Low flow, low-gradient (LG) severe aortic stenosis (AS) with preserved EF is a recently described syndrome associated with reduced survival.1–6 The mechanism of low stroke volume (SV) has been attributed to reduced systemic arterial compliance (SAC), smaller LV cavity size due to concentric remodelling, restrictive physiology resulting in impaired LV filling and diminished LV systolic function despite preserved EF.7 In order to improve AS assessment and determine the optimal treatment strategy, a new flow-gradient classification has been proposed incorporating the mean aortic valve gradient along with normal vs. reduced stroke volume index (SVI).5 Studies have arbitrarily used a cutpoint of SVI <35 mL/m2 to define the low flow group;1–6 however, other cutpoints have not been investigated, and whether SVI has a graded relationship for predicting outcome in this group of patients is unknown.

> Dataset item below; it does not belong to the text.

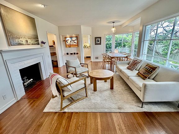 Step into a light-filled open floor plan that was tastefully remodeled, and is surrounded by lush gardens and trees. The updated kitchen, complete with high-end appliances, opens to a light filled living and dining area with coastal-chic furnishings and door leading to a private patio ideal for grilling and outdoor dining.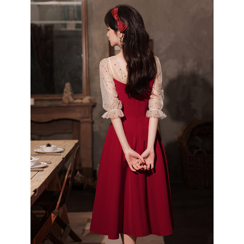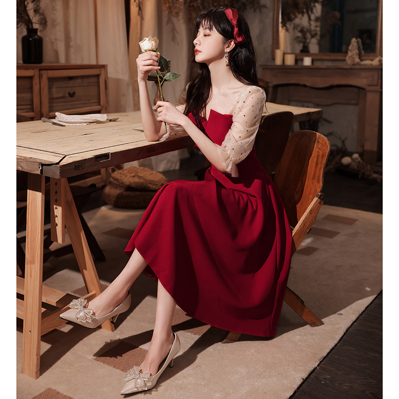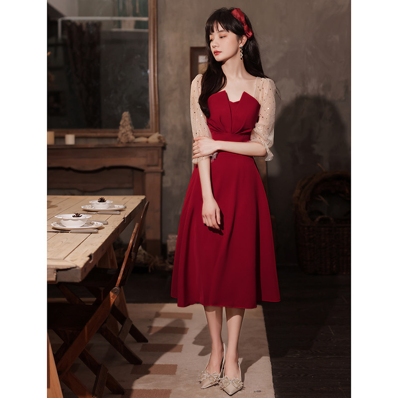 Bride toasting clothes small back door evening dress skirt women can usually wear summer engagement dress summer wine red

We have recently investigated the prevalence of flow-gradient patterns in severe AS with preserved EF at our own institution and found that SVI <35 mL/m2 is strongly predictive of poor outcome in patients with LG severe AS and preserved EF.8 We hypothesised that lower SVI may have a graded association with mortality and that such knowledge may improve risk prediction in this population. Accordingly, we investigated the prognostic impact of SVI among a range of values in a population of patients with LG severe AS with preserved EF.

Methods

Patients

The Mayo Clinic Institutional Review Board approved this cohort study. Consecutive patients aged ≥18 years who underwent transthoracic echocardiography between 1 January 2006 and 31 December 2011 with the following criteria were enrolled: (1) aortic valve area (AVA) <1.0 cm2, (2) preserved LV EF (≥50%), (3) LG (mean gradient <40 mm Hg) and (4) absence of prosthetic valves, complex congenital heart disease, supravalvular or subvalvular AS, hypertrophic cardiomyopathy, and concomitant moderate or severe native valvular lesions. These criteria led to a final study population of 405 patients. The medical record was manually reviewed for symptoms, comorbidities and laboratory data.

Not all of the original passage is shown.